Claude Sautet (1924-2000) was a loner in French cinema who put his ideas of classical narrative film into practice in parallel to the Nouvelle Vague. François Truffaut called him the "most French director of all". This has to do perhaps with the fact that the bistro plays such an important role in Sautet’s films, in which characters eat and drink and drive together and which are about the possibilities of love, surely the theme that is most associated with French cinema. Eschewing the spectacular, Sautet made differentiated studies of human relationships. His films about friendship and love were full of poetic melancholy that featured the greatest stars of the time: Lino Ventura, Jean-Paul Belmondo, Romy Schneider, Michel Piccoli, Yves Montand, Gérard Depardieu, Sandrine Bonnaire, Daniel Auteuil, Emmanuelle Béart.

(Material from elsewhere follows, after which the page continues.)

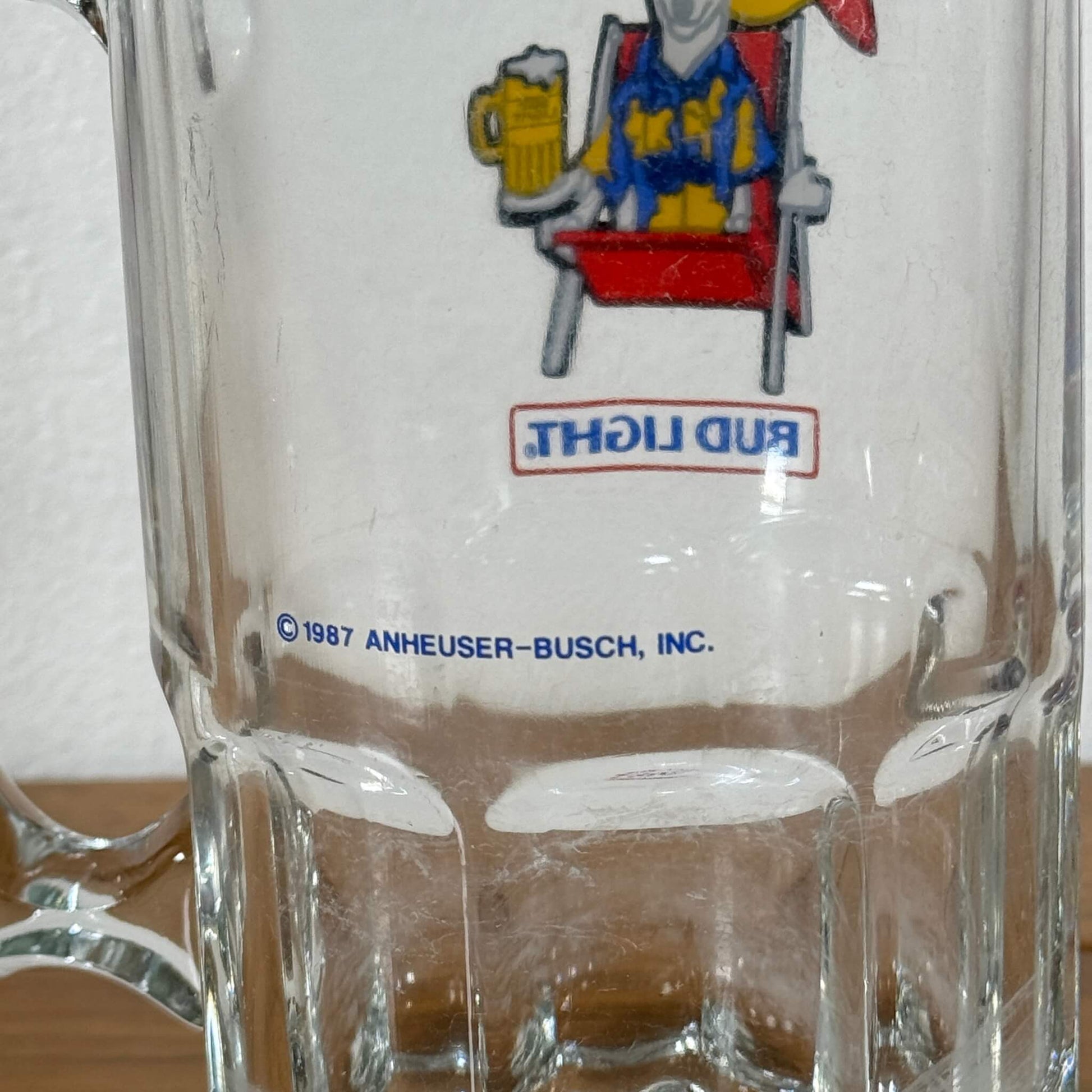 こちらのアイテムは、アメリカでもファンが多い、バドライトのマスコットキャラクター「スパッズ マッケンジー」が描かれた1987年のビアジョッキです。

From the time of his artistic and commercial breakthrough LES CHOSES DE LA VIE (1970), Sautet was considered a chronicler of the French middle class. However, in contrast to Claude Chabrol or Luis Buñuel, he was not interested in showing up the bourgeoisie. His "portraits in movement", as he called them, are free of judgmental superiority. He emphatically reveals what is not alive in supposedly secure bourgeois society and views the tender-hearted attempts to escape it with tender regret. Soberly, with reserve and without resorting to psychological analysis, he unpretentiously follows the fates of his protagonists as they get entangled in feelings and relationships. Featuring discreet imagery, the films are about missed opportunities, feelings not acted upon, journeys of self-discovery, love affairs that end and begin. Loneliness is often contrasted with the superficial warmth of groups and public spaces. Plot is not the driving force of these films which are more about precise observation and about the revelation of feelings that go beyond the narrative, nuances, looks, gestures, daily existence, the things of life.
Not long before his death, Sautet re-edited his films, shortening some of them by several minutes. For the sake of comparison, we will be showing two versions of the three films VINCENT, FRANÇOIS, PAUL … ET LES AUTRES, LES CHOSES DE LA VIE and MADO - the 35mm version from when the films were released and the shortened digital director's cuts.